Exercise objective —
Each line below from the line with "- 빛이 L방향으로 들어온다고" to the line with "Investe un biker" must be copied exactly, including those two, and no picture may appear in the copy.

___ Records for processing ___

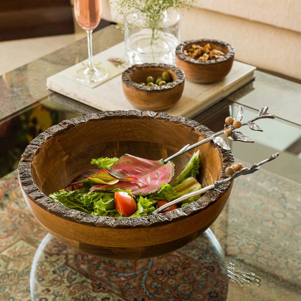 Our Rustic Bark Salad Bowl is hand carved by skilled artisans from seasoned mango wood. It features an understated design with a neutral natural finish adding a touch of wild to your dining table.
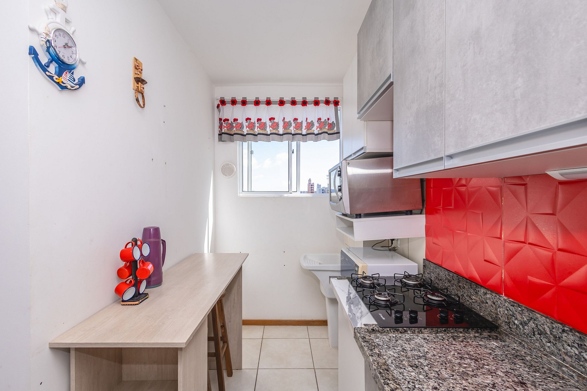 • Cozinha: cooktop, geladeira, forno, micro-ondas, cafeteira, chaleira elétrica, pratos, copos, talheres e utensílios básicos.
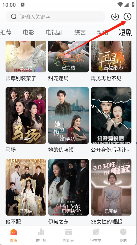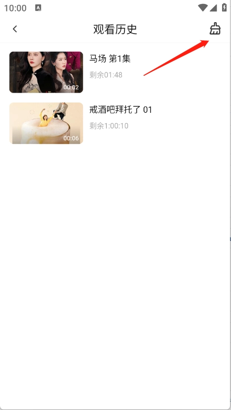 进入到首页之后,点击右上角的历史。
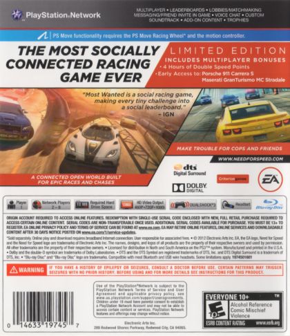 To be Most Wanted, you'll need to outrun the cops, outdrive your friends, and outsmart your rivals. With a relentless police force gunning to take you down, you'll need to make split second decisions. Use the open world to your advantage to find hiding spots, hit jumps and earn new vehicles to keep you one step ahead. In true Criterion Games fashion, your friends are at the heart of your experience. In an open world with no menus or lobbies, you'll be able to instantly challenge your friends and prove your driving skill in a variety of seamless multiplayer events. Your rivals will do everything they can to stop you from getting to the top. In this world, there can only be one Most Wanted.
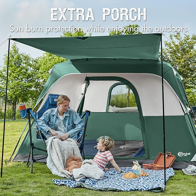 PORTAL 6 | 8 | 10 Person Family Camping Tent with Porch, Big Family Camping Tent with Tall Height, Good Ventilation, Water Resitant Large Tent for Outdoor Camping, Backyard
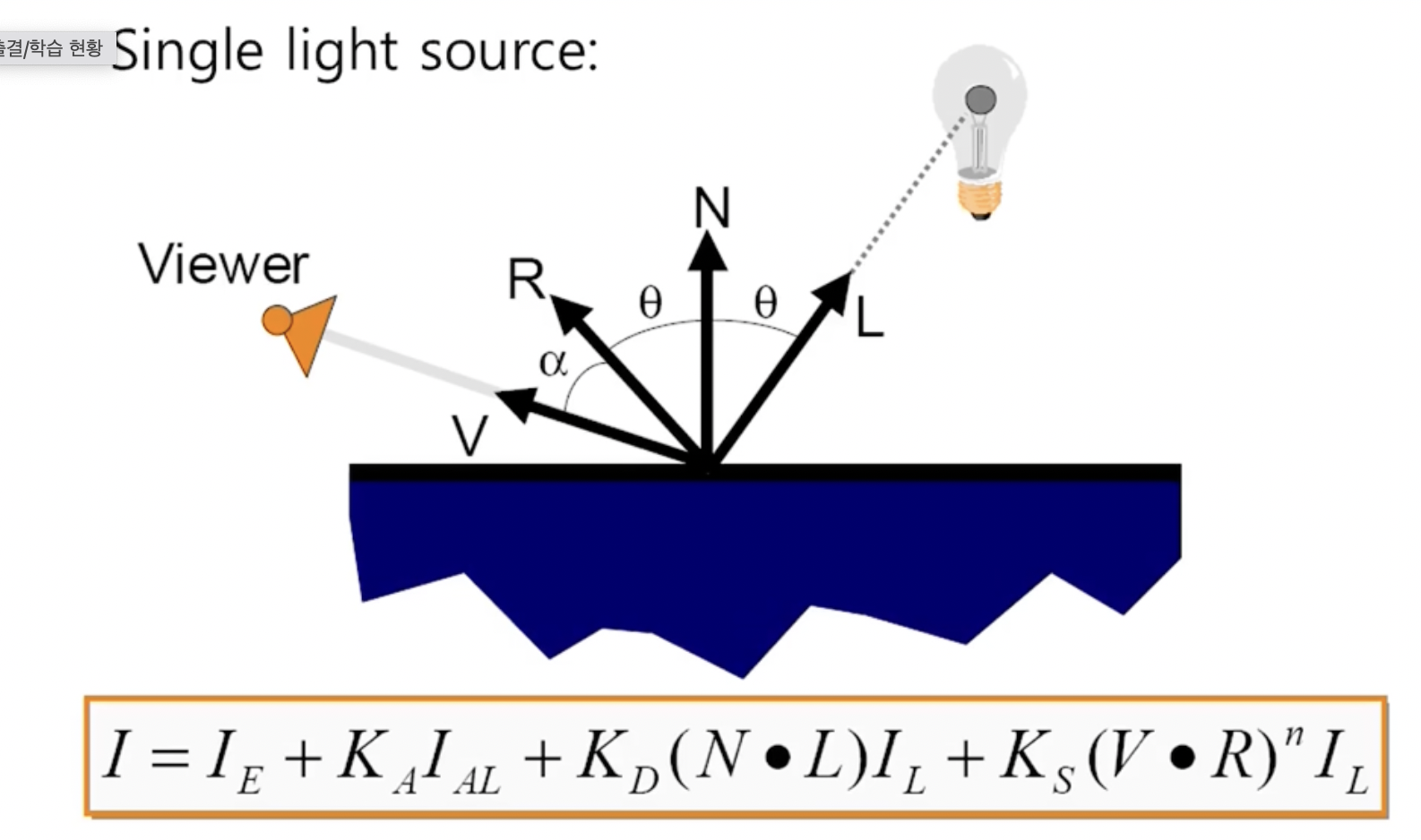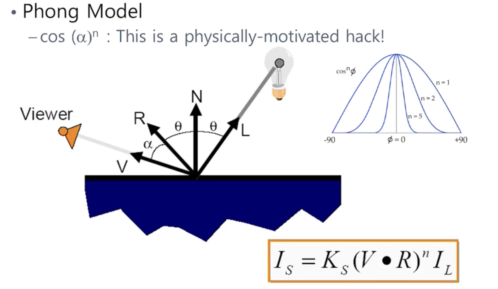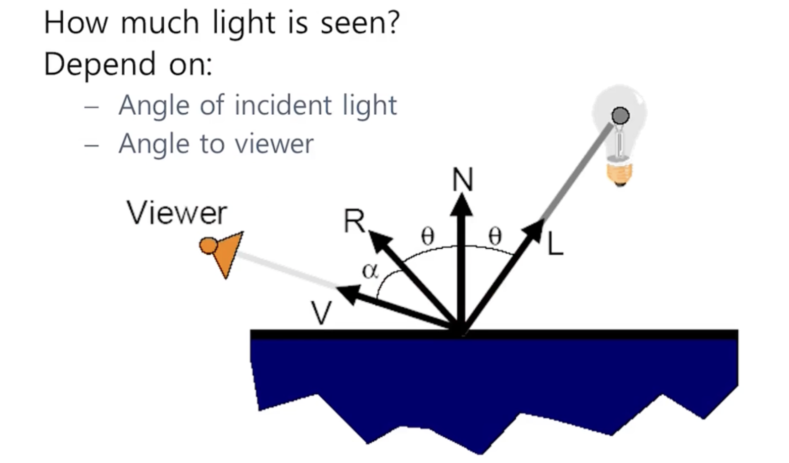 - 빛이 L방향으로 들어온다고 했을때, R로 빛이 반사되어 나올 것이다. 그럼 viewer의 위치에 따라 표면이 달라 보인다.
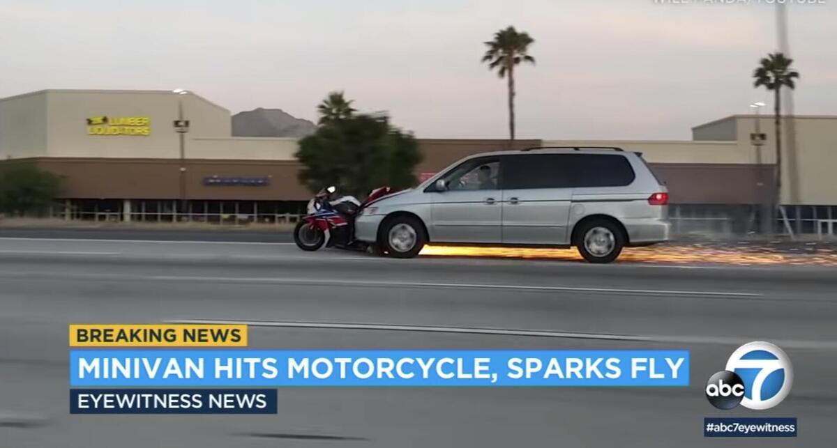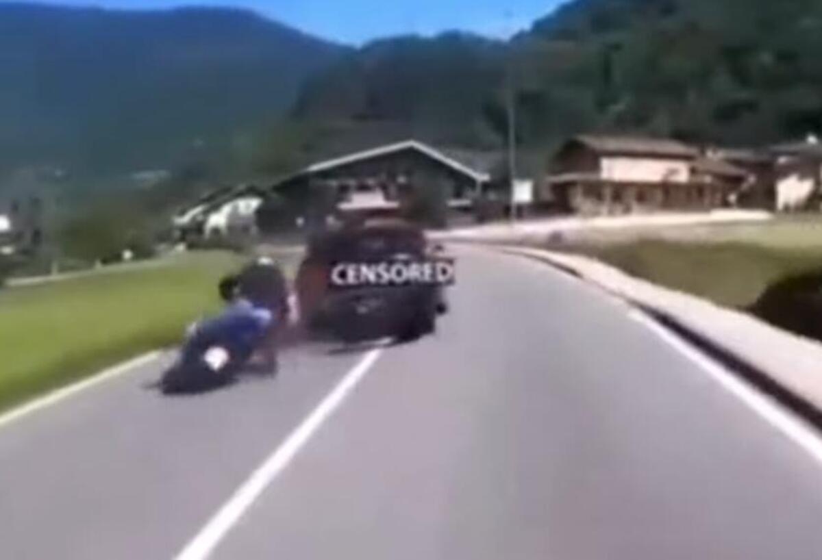 Investe un biker e fugge con la moto ancora attaccata all'auto [VIDEO])
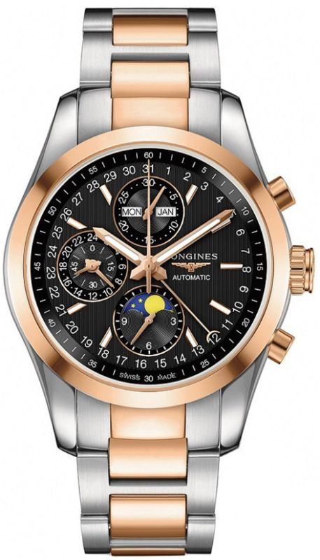 Model: L2.798.5.52.7 - CASE = [Material:Stainless Steel and Rose Gold], [Case Diameter:42], [Case Thickness:14.5mm], [Bezel:Fixed], [Case Back:Skeleton], [Water Resistant:30 Meters - 100 Feet], [Crystal:Scratch Resistant Sapphire],; DIAL = [Color:Black],; MOVEMENT = [Type:Automatic], [Crown:Push In],; BAND = [Clasp:Folding], [Type:Stainless Steel and Rose Gold], (Usually ships in 1 to 2 weeks.)
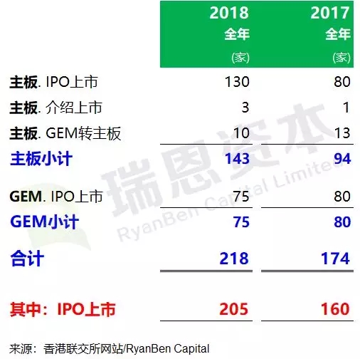 根据香港联交所披露的信息,2018年香港IPO全年新上市公司 218家,其中主板上市 143 家 (包括3家介绍上市、10家GEM转主板)、GEM上市 75 家,具体如下:
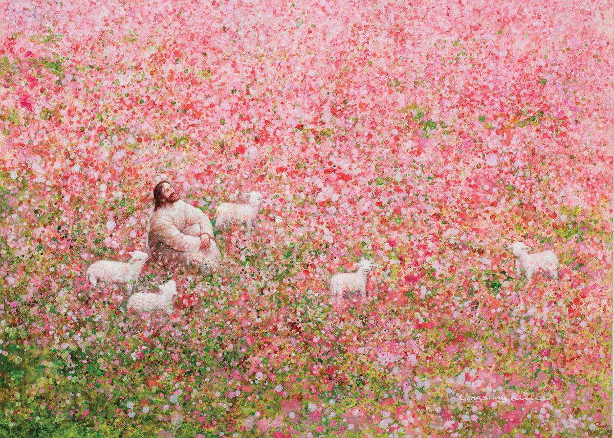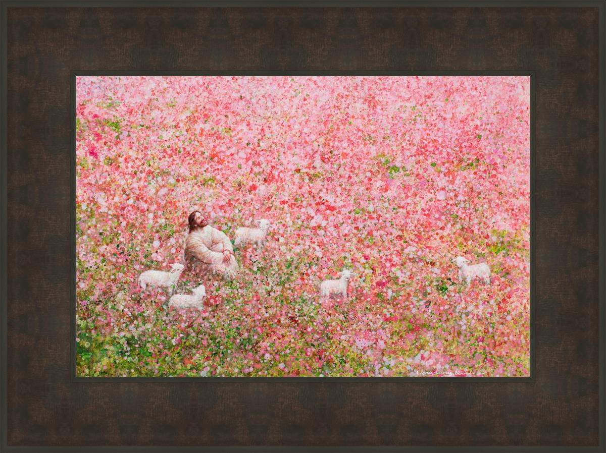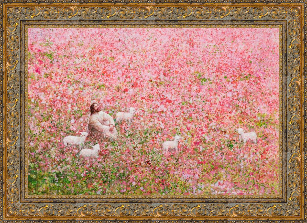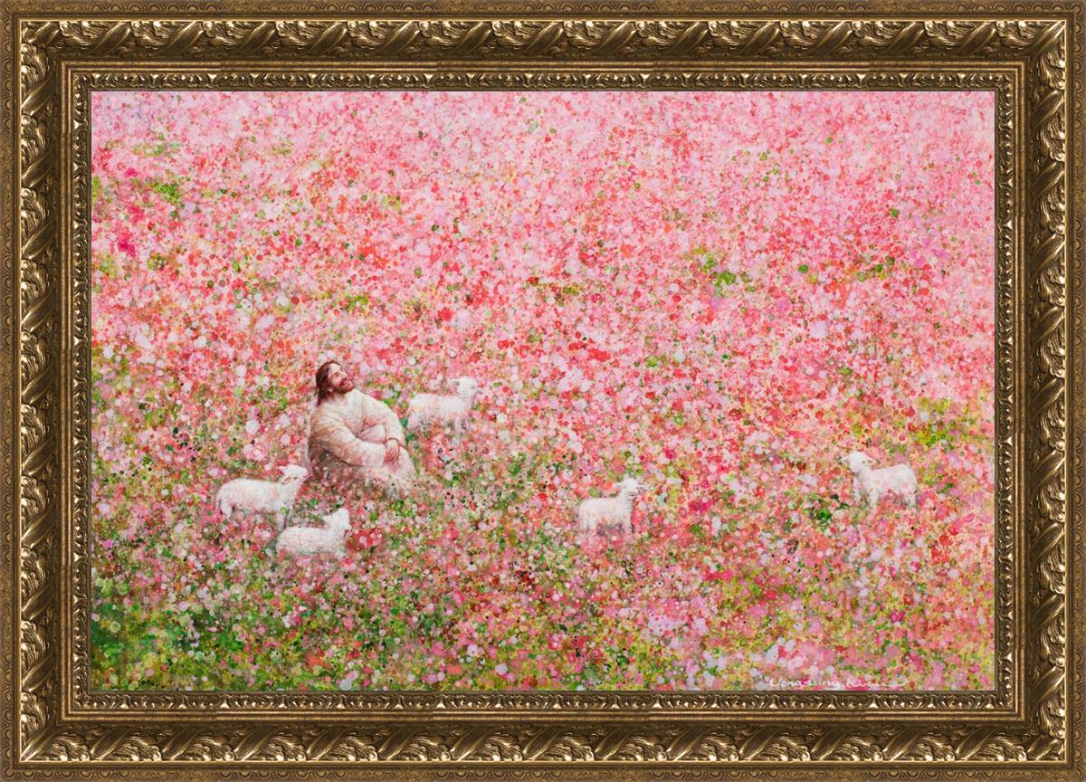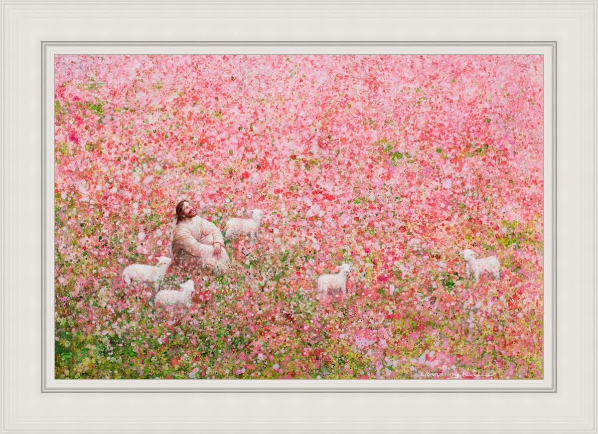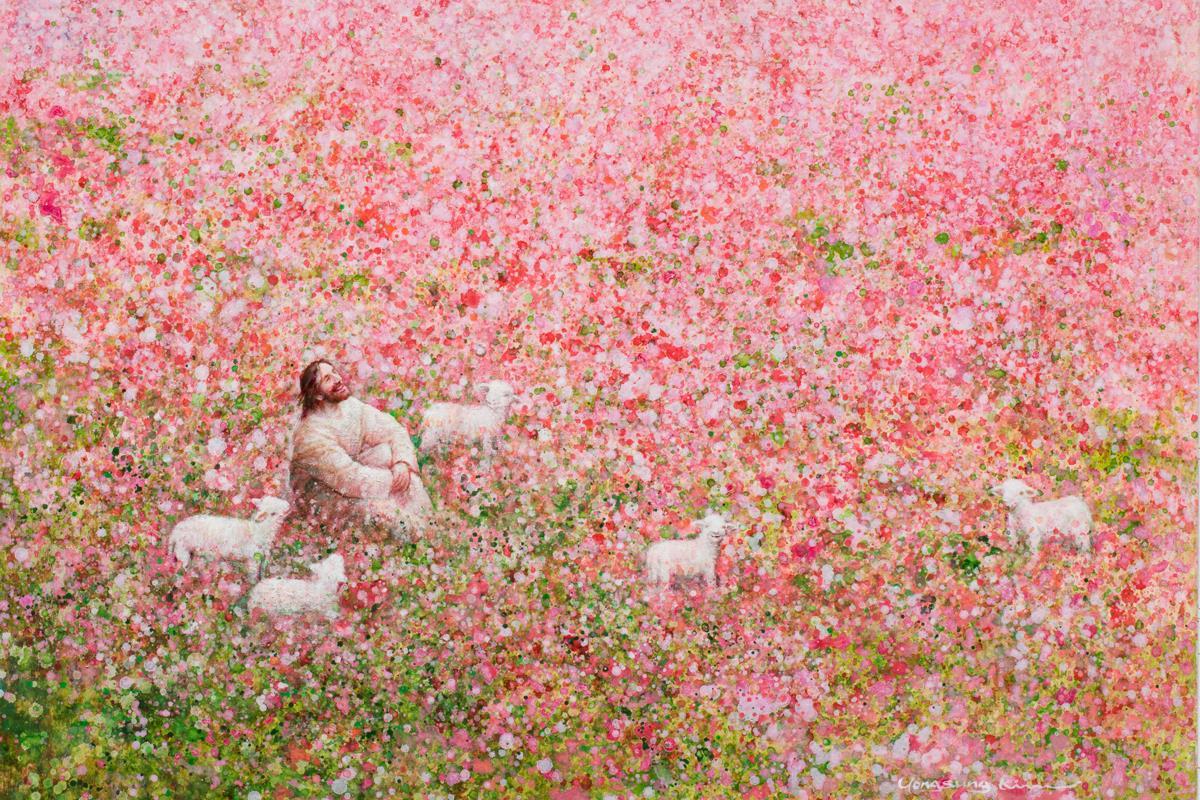 Shepherd's Rest is a painting by Yongsung Kim. This painting depicts Jesus Christ sitting with a lamb in a field of pink and red flowers.

___

Result for this exercise —
 - 빛이 L방향으로 들어온다고 했을때, R로 빛이 반사되어 나올 것이다. 그럼 viewer의 위치에 따라 표면이 달라 보인다.
 Investe un biker e fugge con la moto ancora attaccata all'auto [VIDEO])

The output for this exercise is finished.